AVAILABLE DATA:
# # # # #

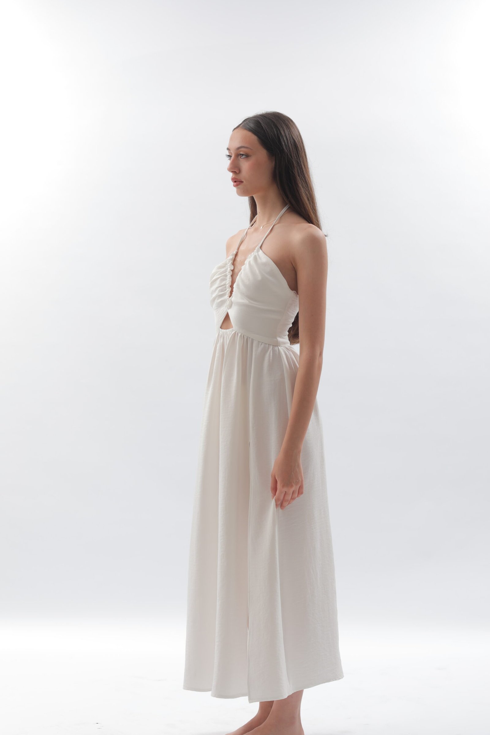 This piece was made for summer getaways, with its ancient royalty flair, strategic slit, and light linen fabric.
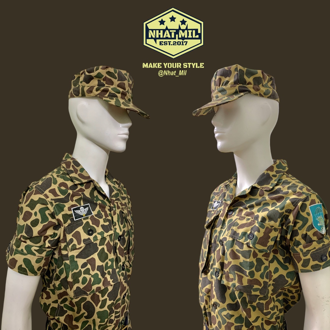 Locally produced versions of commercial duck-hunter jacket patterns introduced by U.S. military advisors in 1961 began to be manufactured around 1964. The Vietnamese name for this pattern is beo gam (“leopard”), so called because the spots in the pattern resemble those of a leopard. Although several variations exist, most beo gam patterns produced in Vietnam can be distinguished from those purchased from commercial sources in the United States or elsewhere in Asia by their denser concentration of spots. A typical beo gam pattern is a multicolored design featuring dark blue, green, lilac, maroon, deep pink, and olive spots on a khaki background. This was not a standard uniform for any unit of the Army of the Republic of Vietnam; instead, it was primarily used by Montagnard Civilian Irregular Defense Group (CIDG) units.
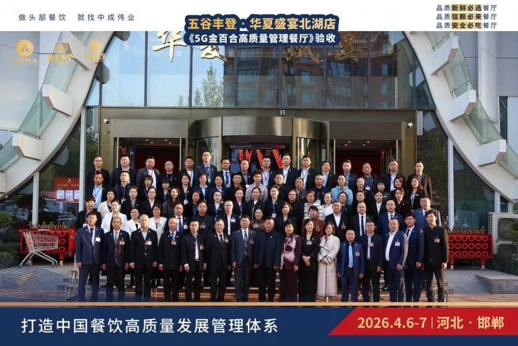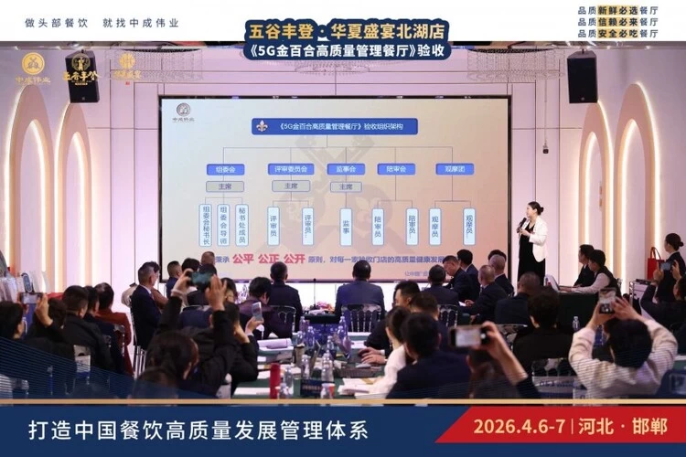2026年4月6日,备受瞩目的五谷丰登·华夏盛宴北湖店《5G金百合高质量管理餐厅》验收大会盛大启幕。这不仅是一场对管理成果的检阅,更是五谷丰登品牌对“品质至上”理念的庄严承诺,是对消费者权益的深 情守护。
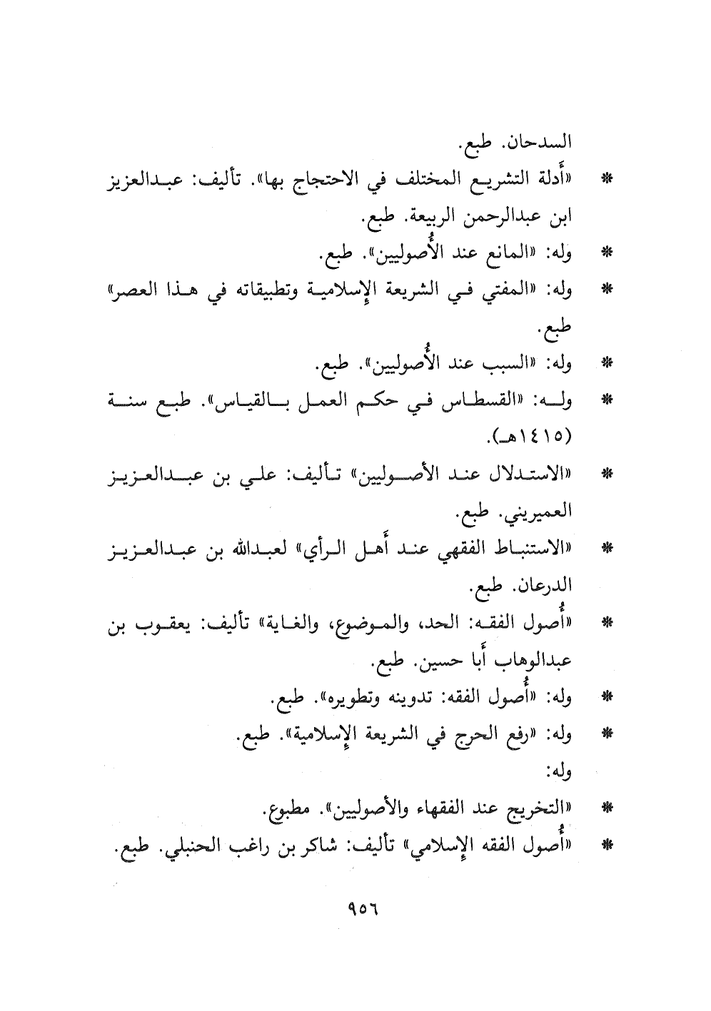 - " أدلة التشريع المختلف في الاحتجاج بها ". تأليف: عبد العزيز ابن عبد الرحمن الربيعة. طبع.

# # # # #

BRIEF: Your copy of the data above should match it exactly, apart from the images.

EXERCISE ANSWER:
 This piece was made for summer getaways, with its ancient royalty flair, strategic slit, and light linen fabric.
 Locally produced versions of commercial duck-hunter jacket patterns introduced by U.S. military advisors in 1961 began to be manufactured around 1964. The Vietnamese name for this pattern is beo gam (“leopard”), so called because the spots in the pattern resemble those of a leopard. Although several variations exist, most beo gam patterns produced in Vietnam can be distinguished from those purchased from commercial sources in the United States or elsewhere in Asia by their denser concentration of spots. A typical beo gam pattern is a multicolored design featuring dark blue, green, lilac, maroon, deep pink, and olive spots on a khaki background. This was not a standard uniform for any unit of the Army of the Republic of Vietnam; instead, it was primarily used by Montagnard Civilian Irregular Defense Group (CIDG) units.
2026年4月6日,备受瞩目的五谷丰登·华夏盛宴北湖店《5G金百合高质量管理餐厅》验收大会盛大启幕。这不仅是一场对管理成果的检阅,更是五谷丰登品牌对“品质至上”理念的庄严承诺,是对消费者权益的深 情守护。
 - " أدلة التشريع المختلف في الاحتجاج بها ". تأليف: عبد العزيز ابن عبد الرحمن الربيعة. طبع.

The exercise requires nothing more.